Senza tener conto dei prodotti petroliferi, l'inflazione annua è stata limitata all'1,6%, secondo i calcoli diffusi venerdì dall'Ufficio federale di statistica (UST). L'entità dell'aumento dei prezzi è stata in linea con le aspettative degli economisti consultati da AWP, che hanno fissato le loro previsioni allo 0,6% su un mese e al 2,5% su un anno.

Escludendo i prodotti freschi o stagionali, nonché energia e carburanti, l'inflazione di fondo ha raggiunto l'1,4% nei dodici mesi, contro l'1,3% di febbraio e lo 0,8% di gennaio.
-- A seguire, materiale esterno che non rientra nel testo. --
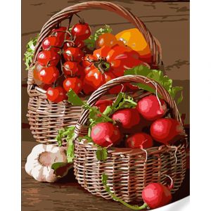 Картина за номерами Strateg ПРЕМІУМ Овочевий натюрморт з лаком та з рівнем розміром 40х50 (GS1597)
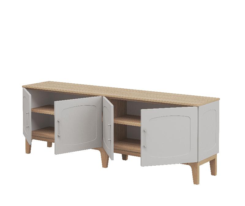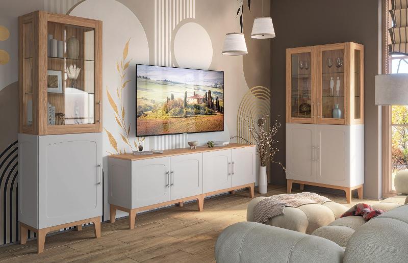Изящные ножки из массива дерева придают композиции воздушность и визуально расширяют пространство, наполняя его светом. Инновационное матовое покрытие фасадов – это тактильное наслаждение, мягкая бархатистая поверхность, которая словно приглашает прикоснуться.

I prezzi dell'energia e dei carburanti hanno continuato a salire, decollando del 4,8% in un mese, dopo essere già aumentati del 2,9% a febbraio. Anno su anno, l'aumento ha raggiunto il picco del 20,7%. I soli prodotti petroliferi sono letteralmente "esplosi" e mostrano progressioni di quasi un terzo (+32,1%) nel confronto annuo.

L'impatto del fenomeno si riflette anche nell'evoluzione dei prezzi in funzione dell'origine dei prodotti. I prezzi delle merci nazionali sono aumentati solo dell'1,4% in un anno, contro l'1,3% di febbraio, mentre i prezzi dei prodotti importati sono aumentati del 5,5% nello stesso periodo.